= Strategic urban planning =

Strategic Urban Planning (SUP) is a methodical approach aimed at shaping the future of urban areas. It involves setting clear objectives, coordinating public and private efforts, and adapting to new circumstances to enhance the living conditions of the affected citizens. SUP is not a new concept; it has been applied to various aspects of human activity, with notable figures such as Sun Tzu, Arthur Thomson, and Henry Mintzberg contributing to its development.

Fifteen years of practice proved to be enough time for the technique to spread and for the first “Meeting of American and European cities for the Exchange of Experiences in Strategic Planning” to be organized. Institutions sponsoring the meeting, held in Barcelona in 1993, included the Inter-American Development Bank, the European Community Commission and the Iberoamerican Cooperation Institute. The cities of Amsterdam, Lisbon, Lille, Barcelona, Toronto and Santiago de Chile participated, among others.

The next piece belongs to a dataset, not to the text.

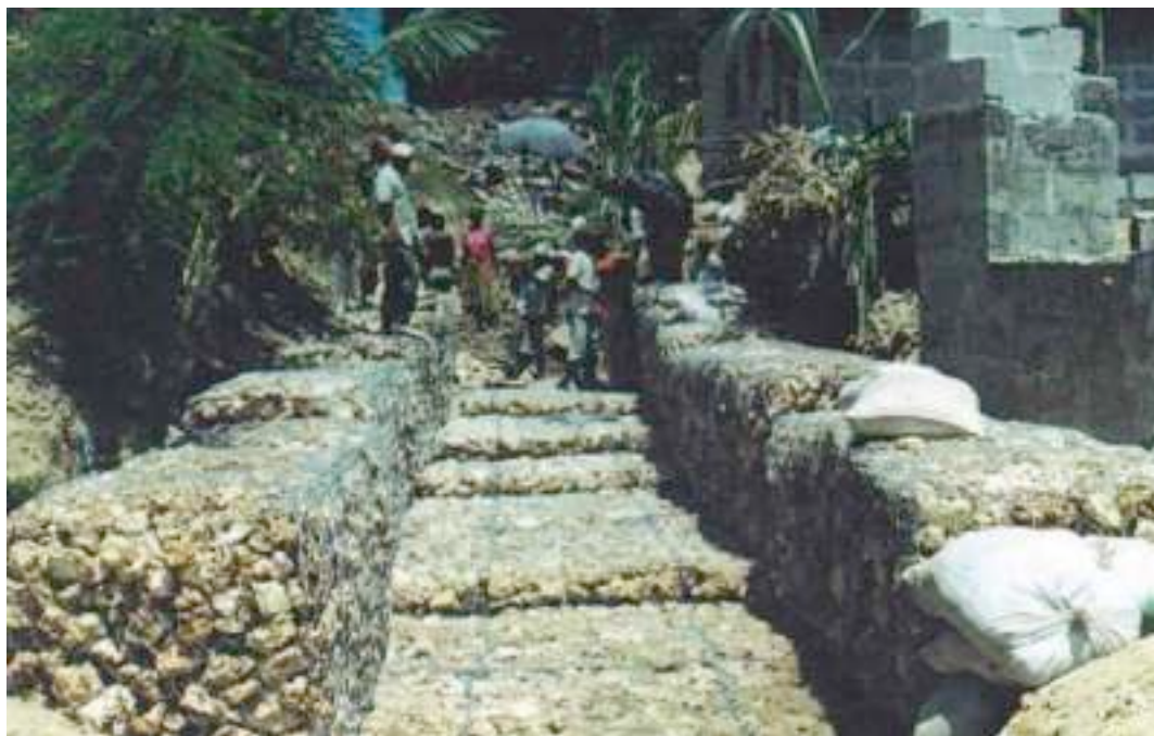
Construction of the main storm water drain by gabions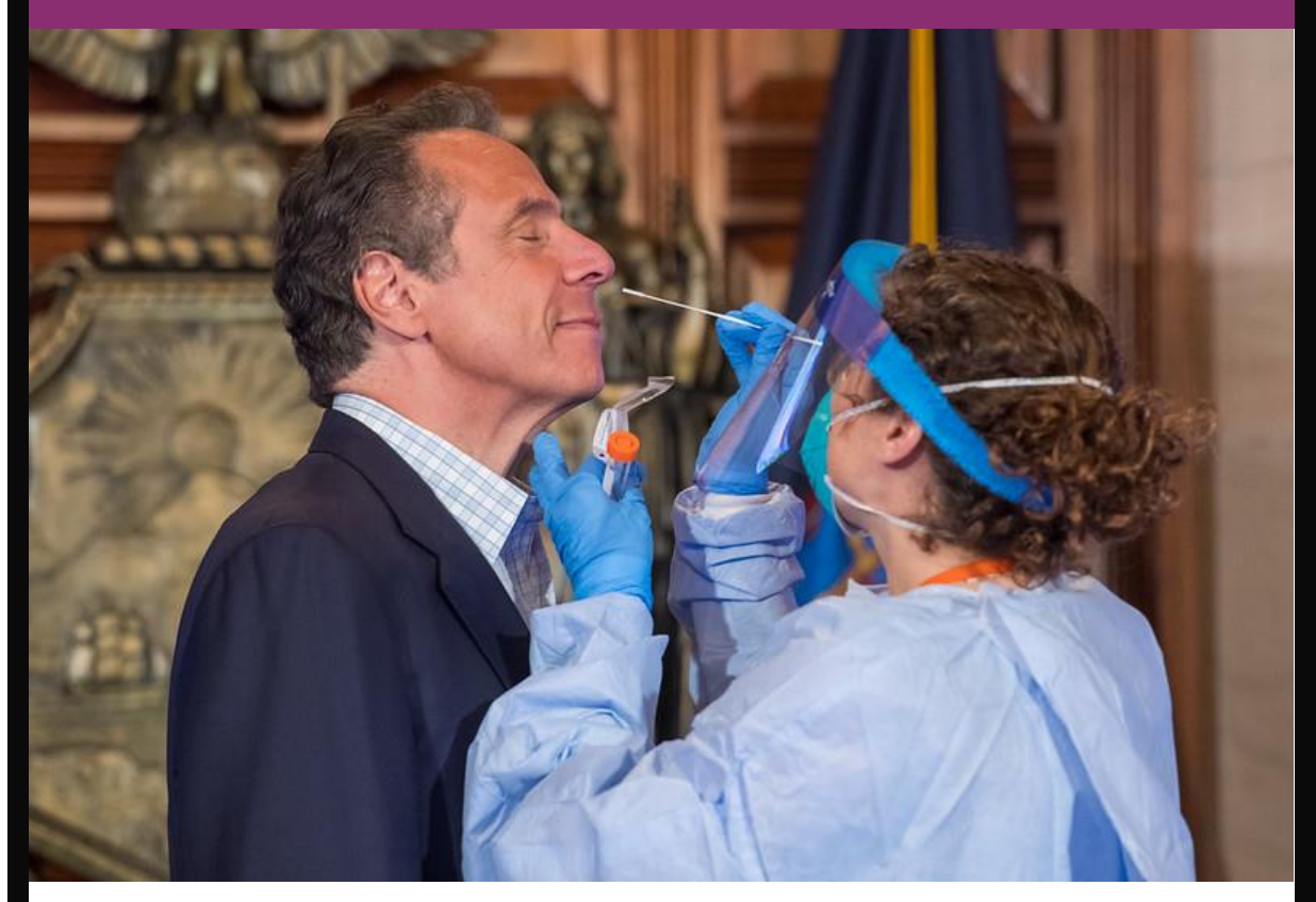
Photo Credit: Governor Cuomo; Governor taking a COVID-19 test today during his briefing.

Capital Region and Western New York is close to reopening. Testing and tracing capacity has to be finalized for regions.

At that meeting it was demonstrated, along with other relevant aspects, that if cooperative processes are used in large cities in order to carry out strategic planning processes, and if a reasonable degree of comprehension is reached between the administration, businesses and an ample representation of social agents, organizational synergies will develop that will eventually improve resource management and citizens’ quality of life.

== History==
Strategic Urban Planning processes (SUP), also known as Urban Renewal Projects, began to appear at the end of the 20th century. The city of San Francisco (U.S.A.) carried out its process between 1982 and 1984. The main motivation behind starting strategic urban planning processes was the attempt to adequately react to problematic situations (mainly economic crisis or standstill). At the beginning of the 21st century, this kind of organization is not reactive but proactive. In the case of Spain, crisis situations are not the main causes of these processes, rather they are motivated by the search for an improved level of public-private cooperation, the wish to coordinate activity, continued improvements, the wish to launch revitalization processes and even to follow others . The initial determination needed to launch this type of processes varies by region; in Spain, most processes are fronted by public entities, approximately 50%, while a significant percentage has mixed public-private leadership.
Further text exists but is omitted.